I have found a few references since I posted the question:

NCHRP REPORT 457: Engineering Study Guide for Evaluating Intersection Improvements, p. 13:
Benioff et al. (13) define conditions in which flash mode is not likely to cause safety problems. Specifically, they recommend using flashing yellow/red when (1) the total major-road volume is less than 200 vehicles per hour (veh/h), or (2) when the ratio of major-road-to-minor-road volume is greater than 3.0.
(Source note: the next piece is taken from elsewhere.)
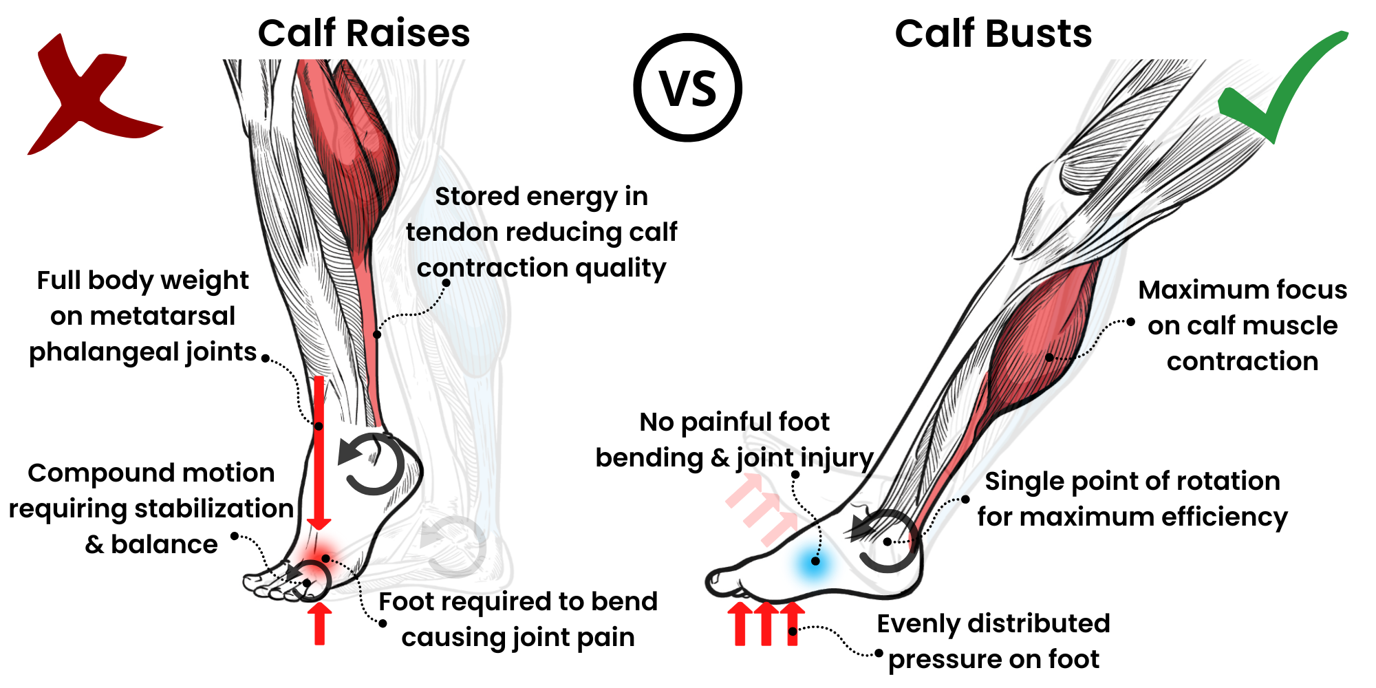Ever notice how sore your feet get while doing calf raises? That’s because your foot muscles and tendons work hard just to keep you balanced on your toes. Calf Buster reduces that work, transferring it to your calves, giving them more focused and powerful muscle contractions.

and Abdelghany and Connor, (Guidelines for Operating Traffic Signals during Low-Volume Conditions, p. 30: state:

Based on the findings of the different studies presented above, it could be easily concluded that the safety of flashing traffic signals, especially yellow/red flashing mode is questionable. Most of the research showed a statistically significant increase in accidents and especially right-angle accidents, when implementing yellow/red flashing signal. In addition, most of the research tried to identify the relation between different
intersectional characteristics and accident rate when using flashing traffic signals.

They go on to recommend that, after considering sight distance, speed, crash history, etc, red/yellow flash may be used during hours when the volumes would work with TWSC, and red/red flash could be used when AWSC would work.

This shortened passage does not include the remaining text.